The answer is the exact run of lines in the listing below from the line containing "Hypothetical poster design" up to and including the line containing "SPARE INSERT THERMOMETER", with pictures removed.

(Information provided begins)

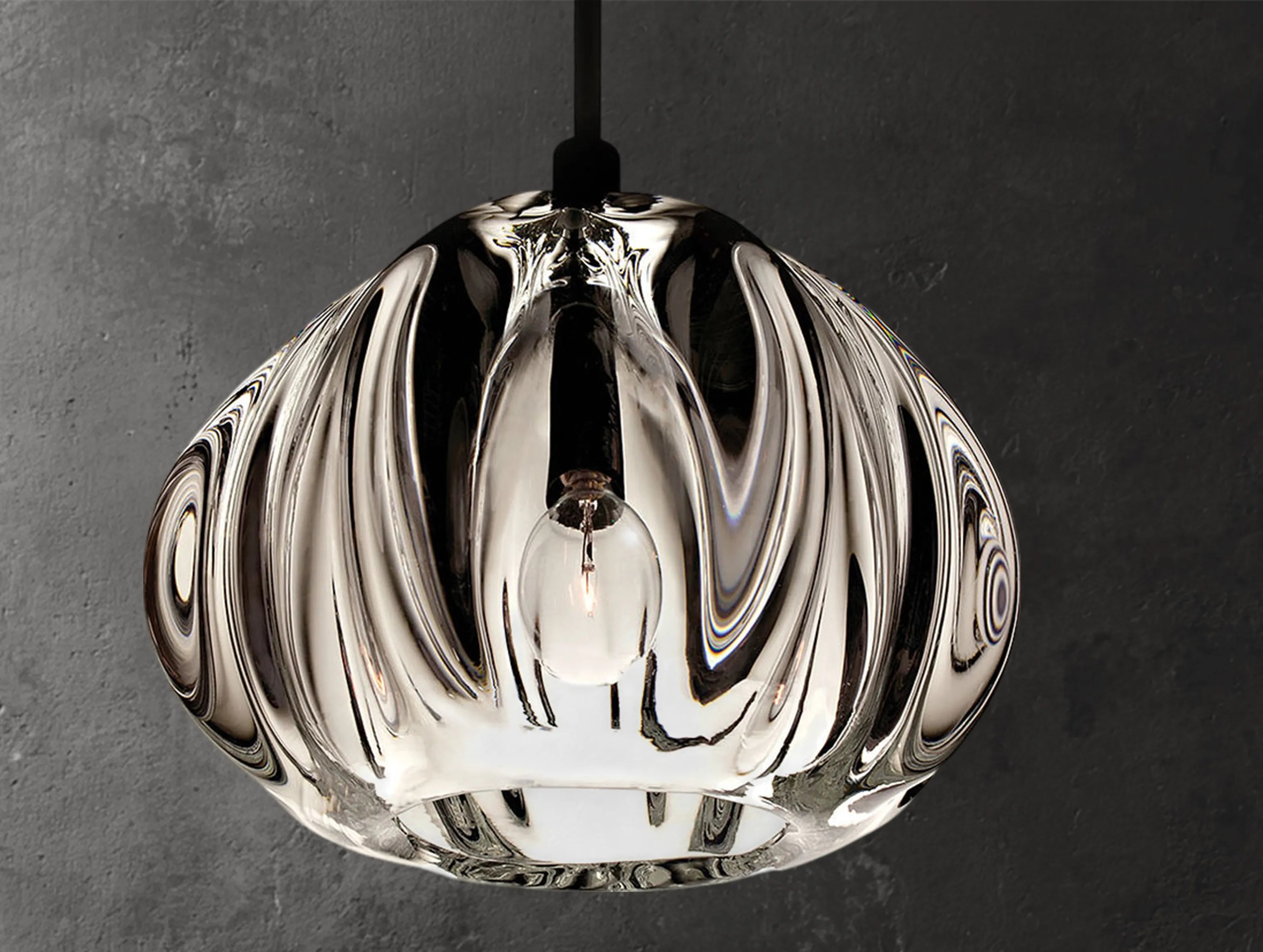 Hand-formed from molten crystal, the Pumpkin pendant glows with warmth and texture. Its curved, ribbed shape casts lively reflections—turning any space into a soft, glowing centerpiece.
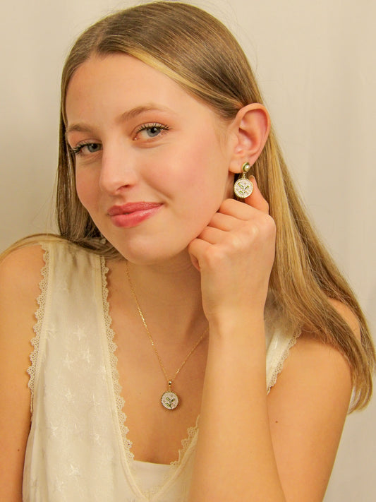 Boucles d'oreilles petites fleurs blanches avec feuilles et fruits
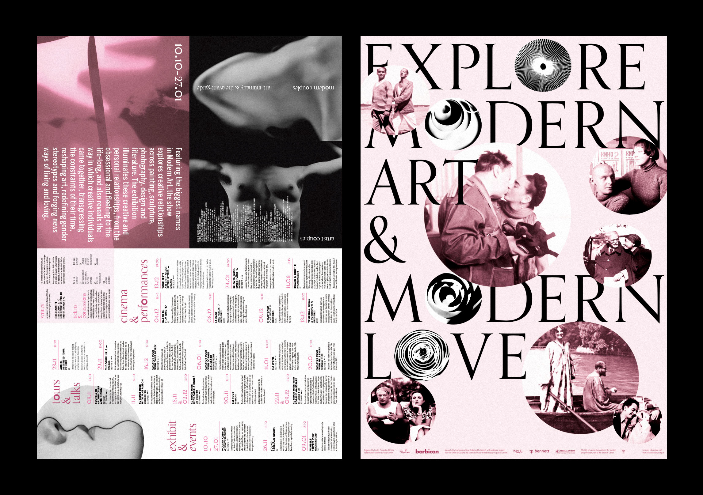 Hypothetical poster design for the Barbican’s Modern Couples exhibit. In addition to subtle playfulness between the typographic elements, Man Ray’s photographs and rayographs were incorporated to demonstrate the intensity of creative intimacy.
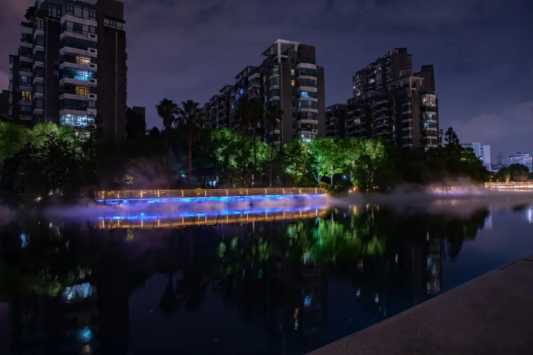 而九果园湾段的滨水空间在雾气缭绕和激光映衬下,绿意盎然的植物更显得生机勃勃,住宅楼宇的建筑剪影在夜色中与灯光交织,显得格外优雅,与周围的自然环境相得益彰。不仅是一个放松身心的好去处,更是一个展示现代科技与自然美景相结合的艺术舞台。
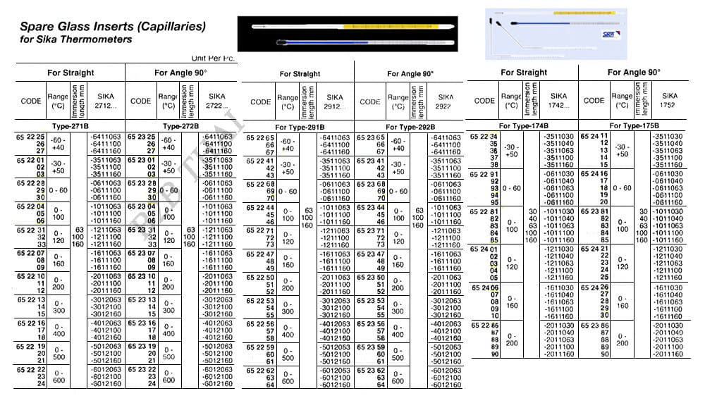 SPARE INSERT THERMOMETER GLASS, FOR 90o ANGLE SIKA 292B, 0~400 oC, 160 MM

(Information provided ends)
(Information provided begins)

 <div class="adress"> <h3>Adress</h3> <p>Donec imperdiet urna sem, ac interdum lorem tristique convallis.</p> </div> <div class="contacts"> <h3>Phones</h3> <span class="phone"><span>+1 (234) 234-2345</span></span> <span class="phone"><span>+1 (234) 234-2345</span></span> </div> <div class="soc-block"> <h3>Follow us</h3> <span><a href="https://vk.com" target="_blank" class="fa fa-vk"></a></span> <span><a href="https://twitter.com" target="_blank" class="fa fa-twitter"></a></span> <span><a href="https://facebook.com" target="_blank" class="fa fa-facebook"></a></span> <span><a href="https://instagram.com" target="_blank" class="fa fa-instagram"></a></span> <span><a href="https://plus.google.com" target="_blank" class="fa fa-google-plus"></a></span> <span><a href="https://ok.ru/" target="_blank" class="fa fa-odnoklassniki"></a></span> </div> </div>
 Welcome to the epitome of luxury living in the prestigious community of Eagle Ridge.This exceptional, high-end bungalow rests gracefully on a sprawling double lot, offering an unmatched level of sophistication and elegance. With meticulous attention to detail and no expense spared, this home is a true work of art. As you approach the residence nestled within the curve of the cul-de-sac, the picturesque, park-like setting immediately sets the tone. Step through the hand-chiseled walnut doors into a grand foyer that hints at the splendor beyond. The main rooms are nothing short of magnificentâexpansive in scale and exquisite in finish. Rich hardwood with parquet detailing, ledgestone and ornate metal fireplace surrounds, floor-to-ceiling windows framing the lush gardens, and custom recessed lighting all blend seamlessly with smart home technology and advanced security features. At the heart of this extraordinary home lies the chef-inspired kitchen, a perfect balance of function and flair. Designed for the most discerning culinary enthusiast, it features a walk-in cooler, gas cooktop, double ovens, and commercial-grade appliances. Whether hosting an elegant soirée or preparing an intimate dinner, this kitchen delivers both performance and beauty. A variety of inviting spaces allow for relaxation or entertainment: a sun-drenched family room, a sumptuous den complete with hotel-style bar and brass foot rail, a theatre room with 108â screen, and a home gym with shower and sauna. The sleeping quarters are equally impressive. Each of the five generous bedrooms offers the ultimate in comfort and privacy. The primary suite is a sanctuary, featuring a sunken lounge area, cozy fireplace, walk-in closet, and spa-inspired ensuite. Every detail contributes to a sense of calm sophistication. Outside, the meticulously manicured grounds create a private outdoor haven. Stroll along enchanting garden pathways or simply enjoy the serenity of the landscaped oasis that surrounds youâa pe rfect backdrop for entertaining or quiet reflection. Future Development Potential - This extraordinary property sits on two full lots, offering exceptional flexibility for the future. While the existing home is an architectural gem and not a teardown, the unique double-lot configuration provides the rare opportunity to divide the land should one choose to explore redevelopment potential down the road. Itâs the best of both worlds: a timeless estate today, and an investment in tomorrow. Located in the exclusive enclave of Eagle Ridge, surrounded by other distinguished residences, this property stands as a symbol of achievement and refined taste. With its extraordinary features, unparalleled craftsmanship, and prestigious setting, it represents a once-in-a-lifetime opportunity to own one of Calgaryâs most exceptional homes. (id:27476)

(Information provided ends)

▶ _Reply to the task_:
 Hypothetical poster design for the Barbican’s Modern Couples exhibit. In addition to subtle playfulness between the typographic elements, Man Ray’s photographs and rayographs were incorporated to demonstrate the intensity of creative intimacy.
 而九果园湾段的滨水空间在雾气缭绕和激光映衬下,绿意盎然的植物更显得生机勃勃,住宅楼宇的建筑剪影在夜色中与灯光交织,显得格外优雅,与周围的自然环境相得益彰。不仅是一个放松身心的好去处,更是一个展示现代科技与自然美景相结合的艺术舞台。
 SPARE INSERT THERMOMETER GLASS, FOR 90o ANGLE SIKA 292B, 0~400 oC, 160 MM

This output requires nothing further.